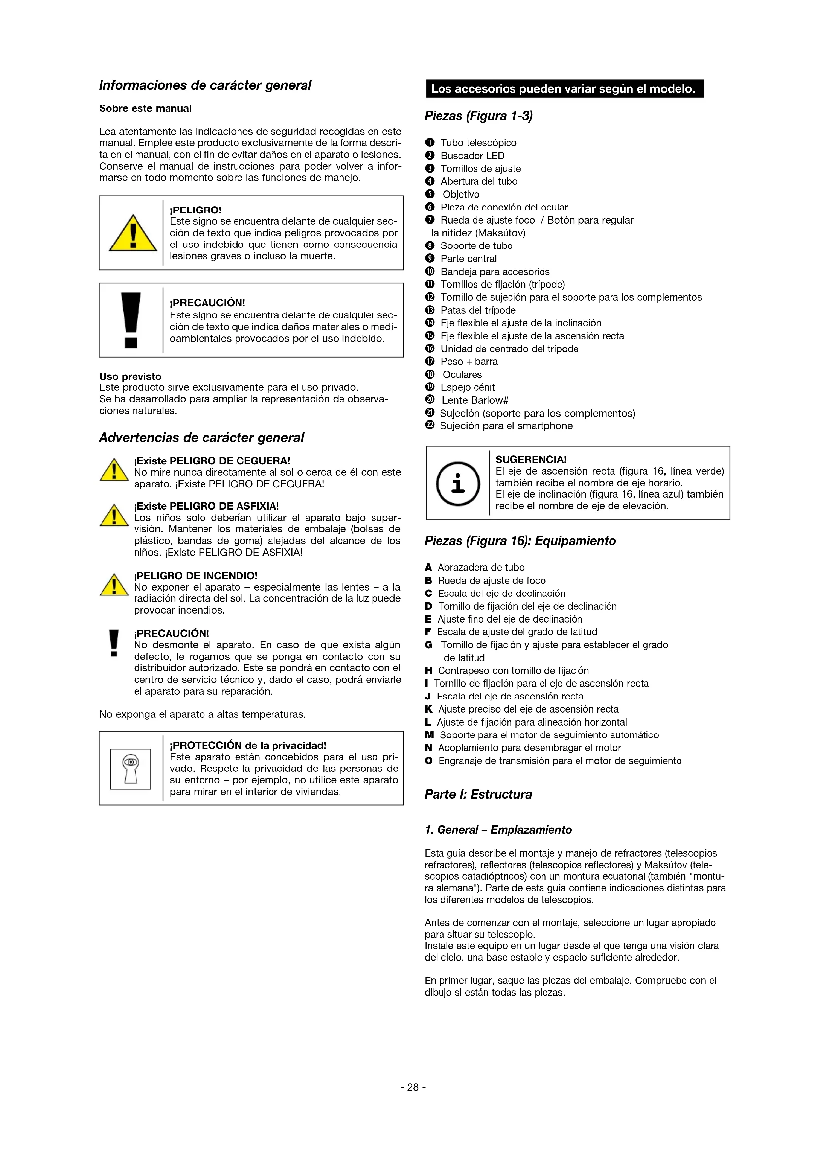 Esta guía describe el montaje y manejo de refractores (telescopios refractores), reflectores (telescopios reflectores) y Maksútov (tele- scopios catadióptricos) con un montura ecuatorial (también "montu- ra alemana"). Parte de esta guía contiene indicaciones distintas para los diferentes modelos de telescopios. Antes de comenzar con el montaje, seleccione un lugar apropiado para situar su telescopio. Instale este equipo en un lugar desde el que tenga una visión clara del cielo, una base estable y espacio suficiente alrededor. En primer lugar, saque las piezas del embalaje. Compruebe con el dibujo si están todas las piezas.- 29 -
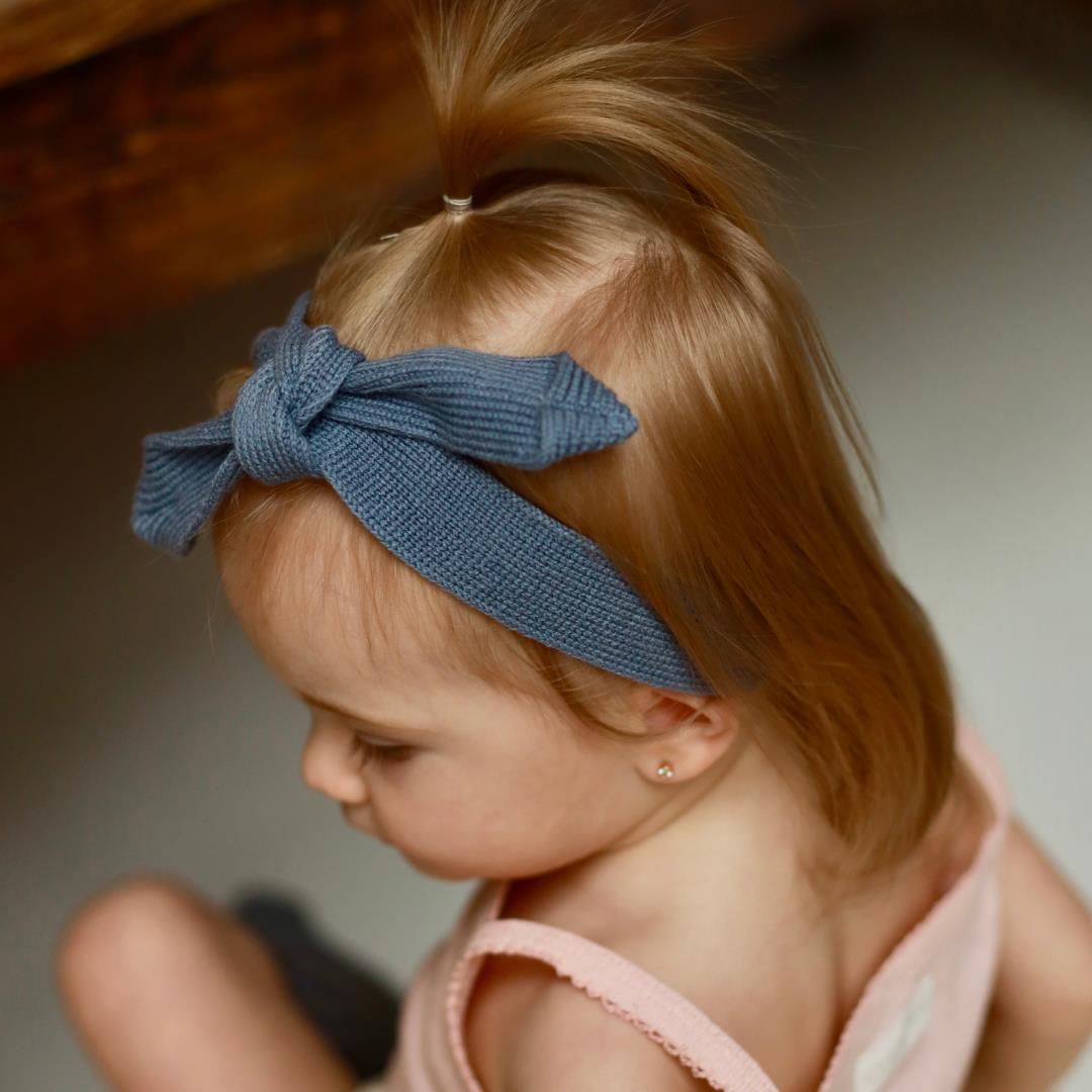 Organik Pamuk Bebek ve Çocuk Örgü Saç Bandı Mavi
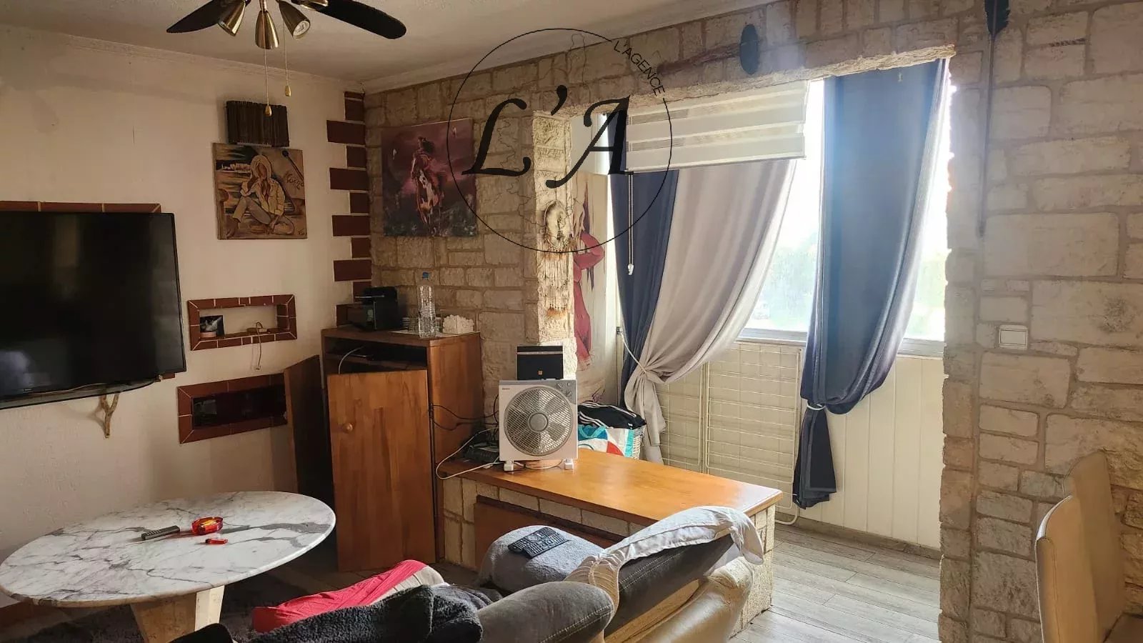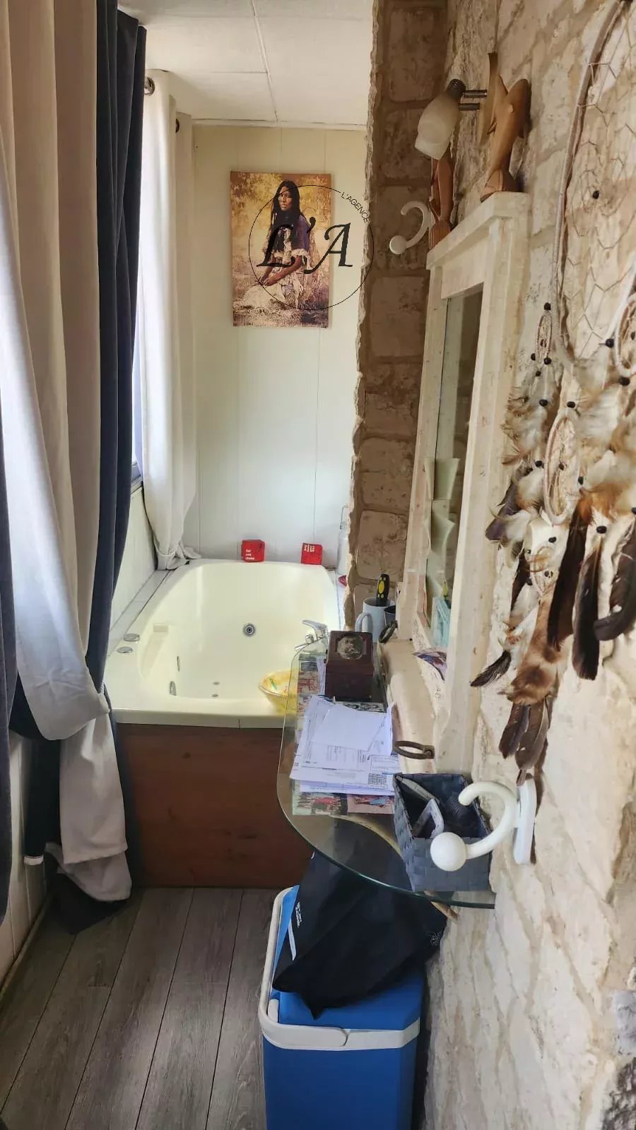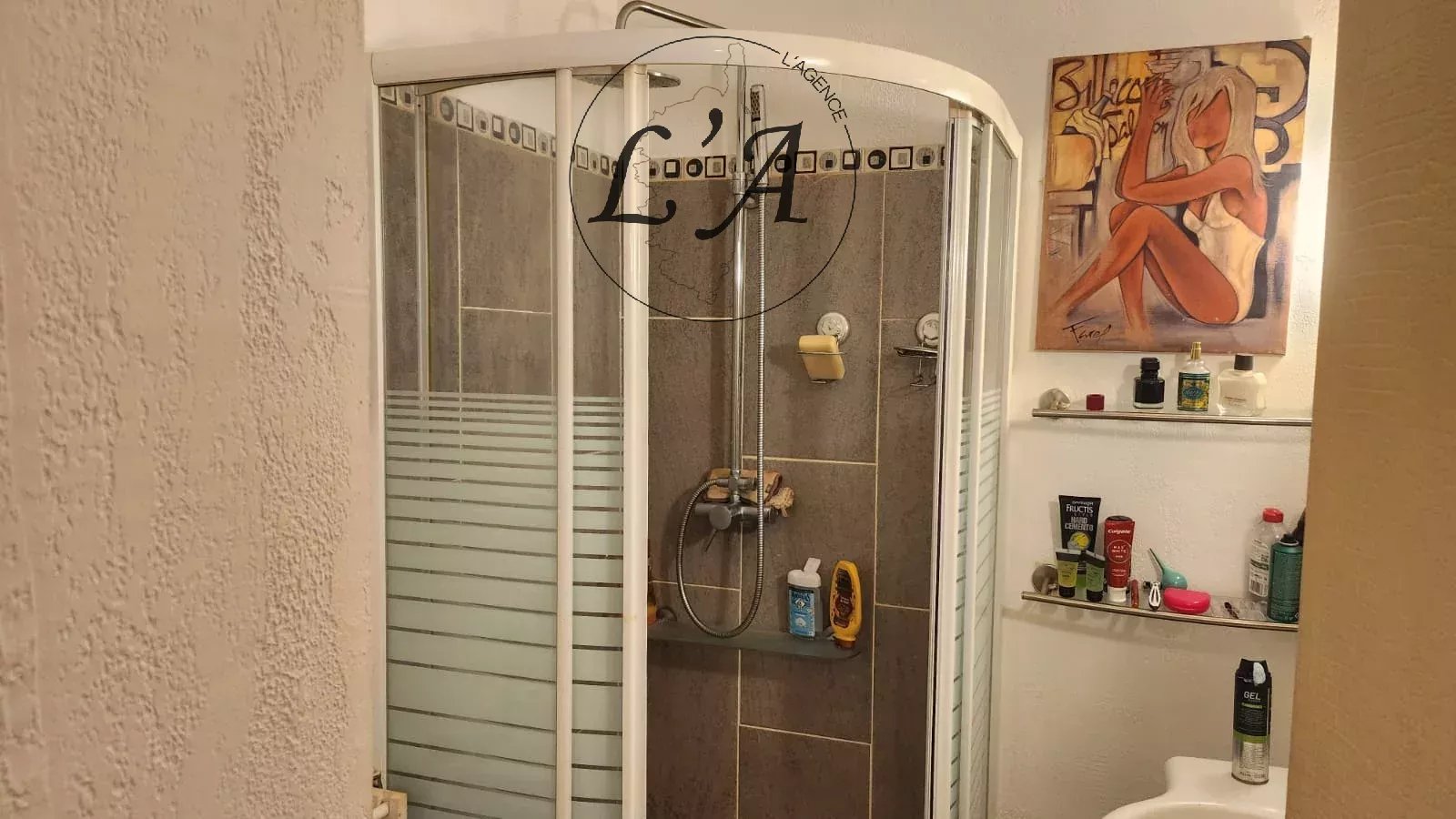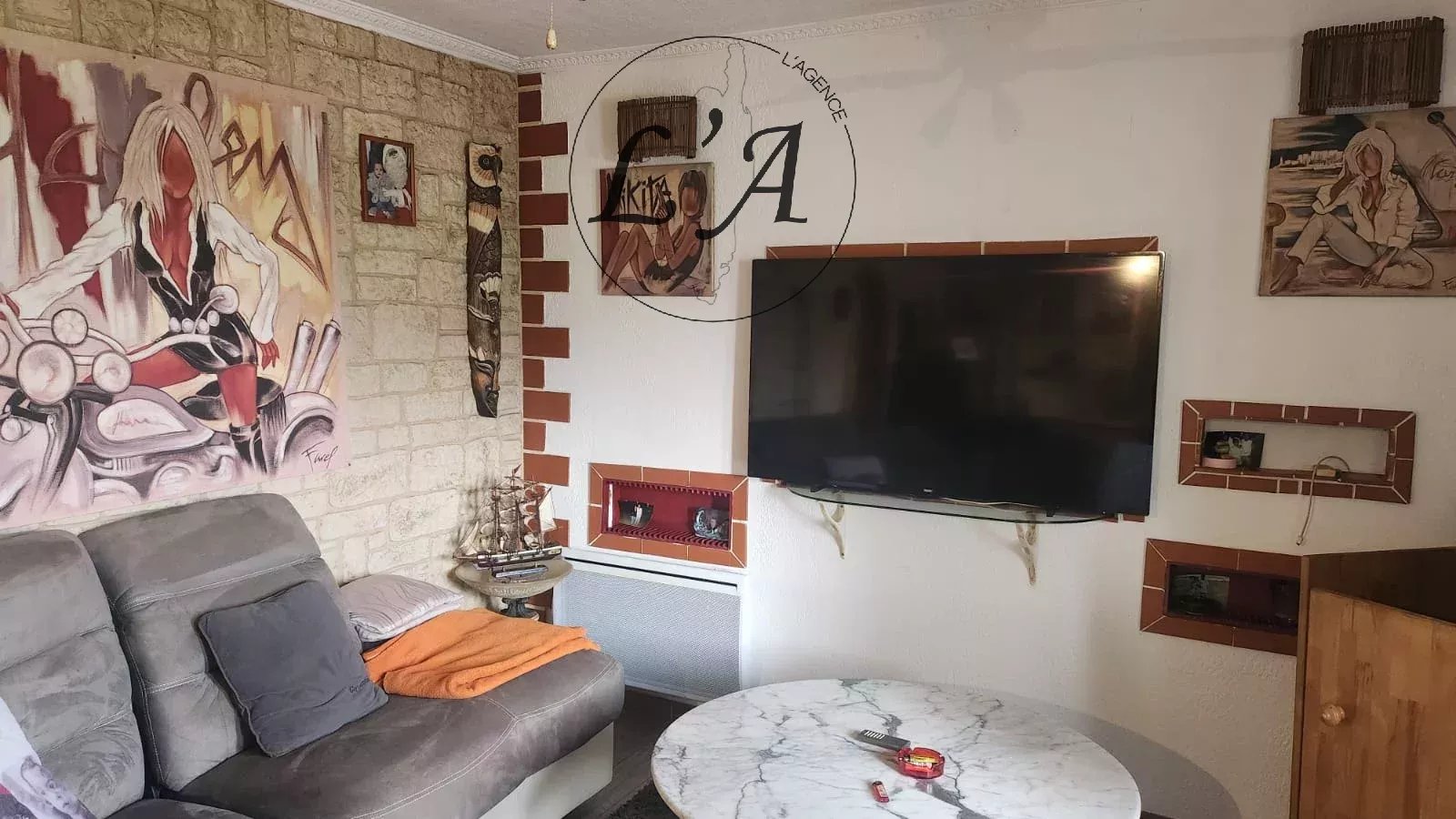 L’appartement se compose d’une entrée avec placards, d’un séjour avec cuisine américaine équipée, d’une chambre avec nombreux rangements intégrés et d’une salle de douches avec WC. Le séjour s’ouvre sur une terrasse fermée par baies coulissantes, véritable pièce supplémentaire exploitable toute l’année. Particularité originale et rare : une baignoire balnéo y a été installée, créant un espace détente atypique et surprenant pour un appartement de cette surface. Un atout différenciant qui donne immédiatement du caractère au bien. L’ambiance intérieure, marquée par des parements pierre, offre chaleur et personnalité. L’ensemble est sain et fonctionnel ; une remise au goût du jour permettra simplement d’actualiser les volumes et de révéler tout le potentiel contemporain de l’appartement. Une belle opportunité de valorisation pour un acquéreur souhaitant personnaliser son intérieur sans engager de travaux lourds.

•••

- _Exercise requirements_
Everything from the line containing "Organik Pamuk Bebek" to the last line of the listing above must be reproduced exactly, with no pictures included.

- _Result_
 Organik Pamuk Bebek ve Çocuk Örgü Saç Bandı Mavi
 L’appartement se compose d’une entrée avec placards, d’un séjour avec cuisine américaine équipée, d’une chambre avec nombreux rangements intégrés et d’une salle de douches avec WC. Le séjour s’ouvre sur une terrasse fermée par baies coulissantes, véritable pièce supplémentaire exploitable toute l’année. Particularité originale et rare : une baignoire balnéo y a été installée, créant un espace détente atypique et surprenant pour un appartement de cette surface. Un atout différenciant qui donne immédiatement du caractère au bien. L’ambiance intérieure, marquée par des parements pierre, offre chaleur et personnalité. L’ensemble est sain et fonctionnel ; une remise au goût du jour permettra simplement d’actualiser les volumes et de révéler tout le potentiel contemporain de l’appartement. Une belle opportunité de valorisation pour un acquéreur souhaitant personnaliser son intérieur sans engager de travaux lourds.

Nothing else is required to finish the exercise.